Results and Discussion: The results indicated that Basil threshold value based on soil salinity was 2.25
dSm-1 with the yield reduction of 7.2% per dSm-1. The mathematical model of van Genuchten and Hoffman (1984) had a higher precision than other models in simulating Basil yield reduction function based on saturated soil extract salinity. The overall observations revealed that van Genuchten and Hoffman (1984), Steppuhnet al., (2005) and Homaeeet al., (2002) models were accurate for simulating Basil root water uptake and yield response to saturated soil extract salinity. Considering the presented results, it seems that among math-empirical models for salinity stress conditions, model of van Genuchten and Hoffman (1984) is more accurate than Maas and Hoffman (1977), Dirksen and Augustijn (1988) and Homaeeet al., (2002a) models. The works of Green et al., (2006) and Skaggs et al., (2006) came to the same conclusion. Our work indicated that mostly statistical models have lower precision than math-empirical models. Steppuhn et al., (2005a) reported that statistical models had the higher accuracy than math-empirical model of Maas and Hoffman (1977) and among statistical models, the modified Weibull model had the best fit on measured data which is in good agreement with the results of this study.
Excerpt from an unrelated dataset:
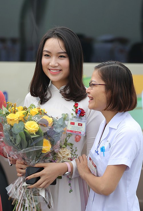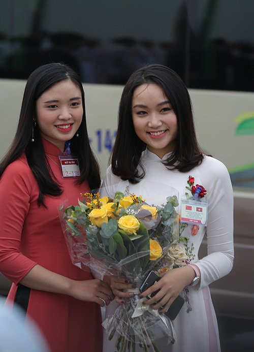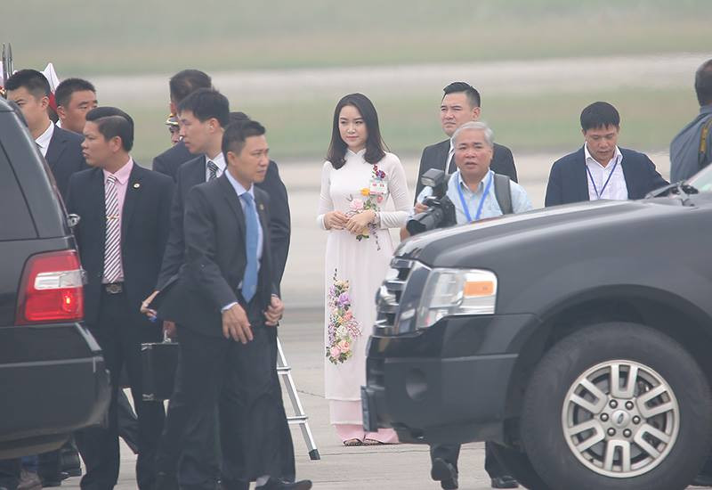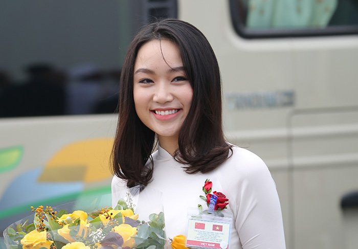 Phạm Thu Trà (1998) đại diện cho sinh viên Việt Nam được vinh dự ra sân bay tặng hoa cho Tổng bí thư, Chủ tịch Tập Cận Bình tại sân bay Nội Bài.
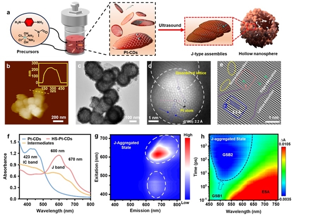 (1)缺陷驱动的结构设计:通过Pt(IV)原子在碳点sp²结构域中的配位,引发晶格畸变,形成碗状碳点(Pt-CDs)。超声处理后,这些碳点以J型滑移聚集方式自组装成直径约160 nm的中空球体(HS-Pt-CDs)。

Conclusion: The goals of this research were to evaluate Basil response to saturated soil extract salinity, to estimate threshold value of Basil crop coefficients, to obtain yield reduction gradient, and also to investigate efficiency of available math-empirical models in estimating reduction functions. The results of this study indicated that the Basil threshold value obtained based on saturated soil extract salinity was 2.25 dSm-1 and the gradient of yield reduction was 7.2% per dSm-1 according to Maas and Hoffman (1977) linear fitting. The reached general conclusion was that among the math-empirical reduction functions, the model of van Genuchten and Hoffman (1984) had the highest accuracy when compared to the models of Maas and Hoffman (1977), Dirksen and Augustijn (1988) and Homaee et al., (2002a). Therefore, it is recommended to use the van Genuchten and Hoffman (1984), Steppuhn et al., (2005), and Homaee et al., (2002) models respectively, instead of the other models in this research.